START Supplied records

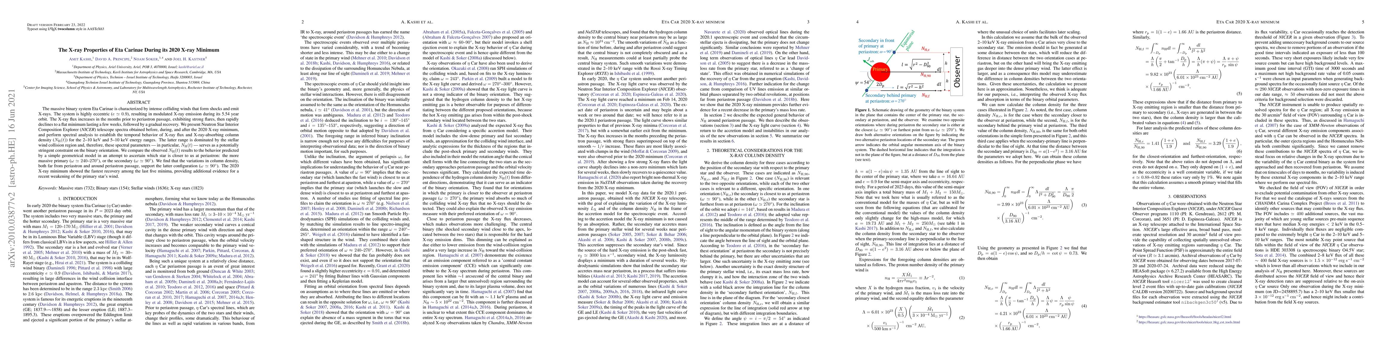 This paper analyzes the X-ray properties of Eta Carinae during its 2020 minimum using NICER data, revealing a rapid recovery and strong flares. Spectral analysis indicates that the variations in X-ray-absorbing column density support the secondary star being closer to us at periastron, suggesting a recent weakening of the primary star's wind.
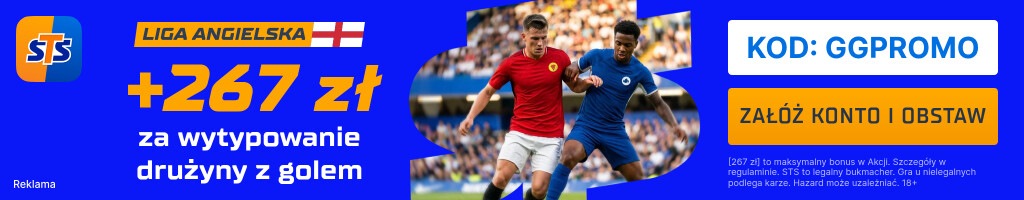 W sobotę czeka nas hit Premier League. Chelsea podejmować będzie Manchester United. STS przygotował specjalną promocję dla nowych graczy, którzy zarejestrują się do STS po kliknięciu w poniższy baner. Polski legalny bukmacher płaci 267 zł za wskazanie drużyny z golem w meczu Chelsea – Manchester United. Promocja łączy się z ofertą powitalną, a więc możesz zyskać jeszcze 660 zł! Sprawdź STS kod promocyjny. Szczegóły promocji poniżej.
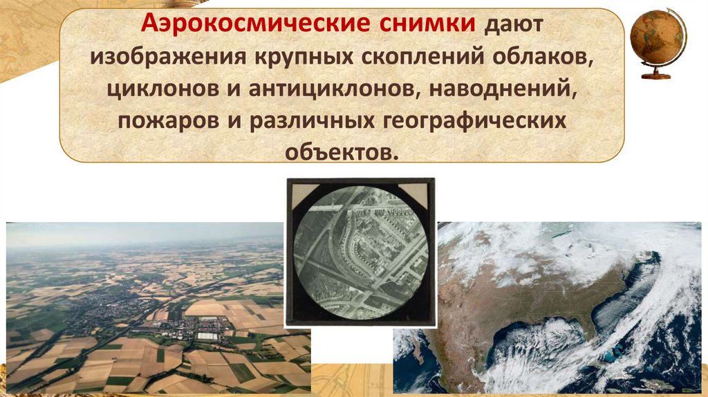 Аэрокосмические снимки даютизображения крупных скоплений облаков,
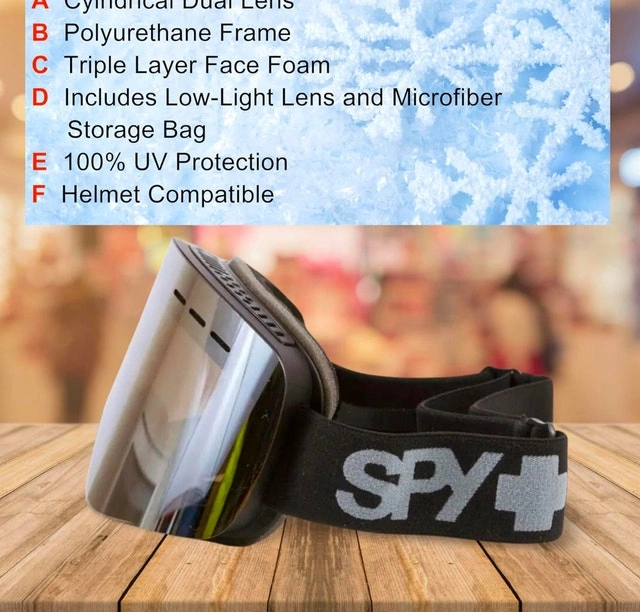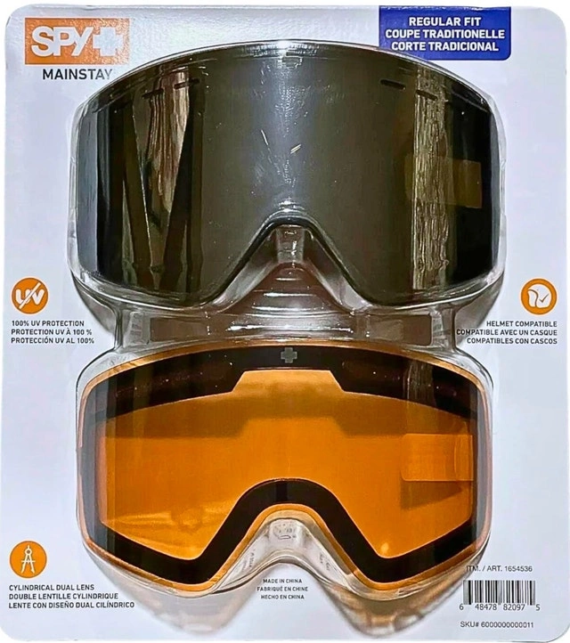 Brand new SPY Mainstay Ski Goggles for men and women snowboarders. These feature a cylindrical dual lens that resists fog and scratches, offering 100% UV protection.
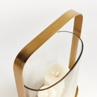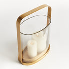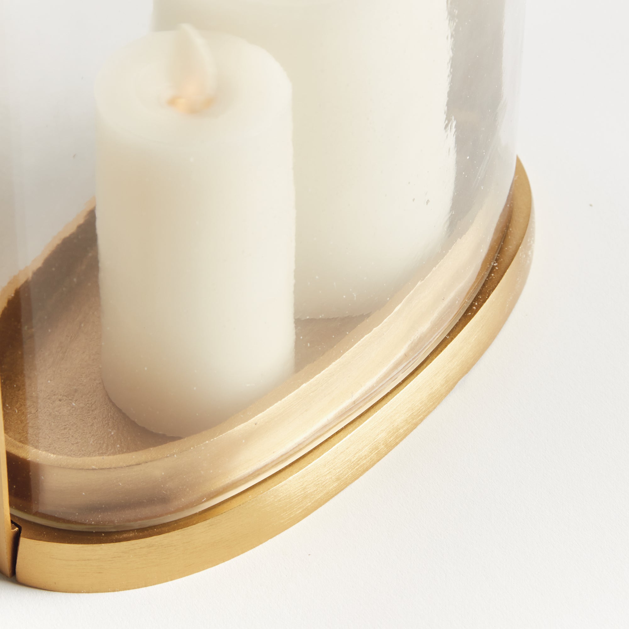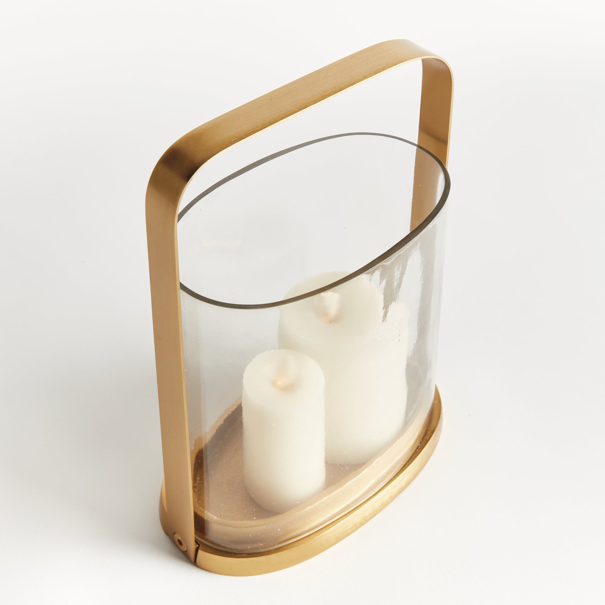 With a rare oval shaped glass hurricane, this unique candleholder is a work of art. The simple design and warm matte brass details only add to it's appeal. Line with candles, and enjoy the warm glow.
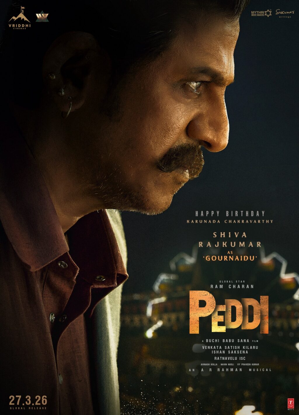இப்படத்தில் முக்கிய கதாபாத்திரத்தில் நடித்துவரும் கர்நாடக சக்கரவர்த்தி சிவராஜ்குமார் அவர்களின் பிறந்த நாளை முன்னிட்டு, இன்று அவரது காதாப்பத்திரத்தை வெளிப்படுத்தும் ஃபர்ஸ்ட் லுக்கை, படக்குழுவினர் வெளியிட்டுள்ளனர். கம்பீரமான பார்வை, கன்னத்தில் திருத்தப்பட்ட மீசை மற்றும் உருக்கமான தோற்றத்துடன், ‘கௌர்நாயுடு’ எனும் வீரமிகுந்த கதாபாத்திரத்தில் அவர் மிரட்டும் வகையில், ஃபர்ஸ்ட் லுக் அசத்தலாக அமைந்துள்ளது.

END Supplied records

Repeat each line of the records above exactly, but do not copy the pictures.

 This paper analyzes the X-ray properties of Eta Carinae during its 2020 minimum using NICER data, revealing a rapid recovery and strong flares. Spectral analysis indicates that the variations in X-ray-absorbing column density support the secondary star being closer to us at periastron, suggesting a recent weakening of the primary star's wind.
 W sobotę czeka nas hit Premier League. Chelsea podejmować będzie Manchester United. STS przygotował specjalną promocję dla nowych graczy, którzy zarejestrują się do STS po kliknięciu w poniższy baner. Polski legalny bukmacher płaci 267 zł za wskazanie drużyny z golem w meczu Chelsea – Manchester United. Promocja łączy się z ofertą powitalną, a więc możesz zyskać jeszcze 660 zł! Sprawdź STS kod promocyjny. Szczegóły promocji poniżej.
 Аэрокосмические снимки даютизображения крупных скоплений облаков,
 Brand new SPY Mainstay Ski Goggles for men and women snowboarders. These feature a cylindrical dual lens that resists fog and scratches, offering 100% UV protection.
 With a rare oval shaped glass hurricane, this unique candleholder is a work of art. The simple design and warm matte brass details only add to it's appeal. Line with candles, and enjoy the warm glow.
இப்படத்தில் முக்கிய கதாபாத்திரத்தில் நடித்துவரும் கர்நாடக சக்கரவர்த்தி சிவராஜ்குமார் அவர்களின் பிறந்த நாளை முன்னிட்டு, இன்று அவரது காதாப்பத்திரத்தை வெளிப்படுத்தும் ஃபர்ஸ்ட் லுக்கை, படக்குழுவினர் வெளியிட்டுள்ளனர். கம்பீரமான பார்வை, கன்னத்தில் திருத்தப்பட்ட மீசை மற்றும் உருக்கமான தோற்றத்துடன், ‘கௌர்நாயுடு’ எனும் வீரமிகுந்த கதாபாத்திரத்தில் அவர் மிரட்டும் வகையில், ஃபர்ஸ்ட் லுக் அசத்தலாக அமைந்துள்ளது.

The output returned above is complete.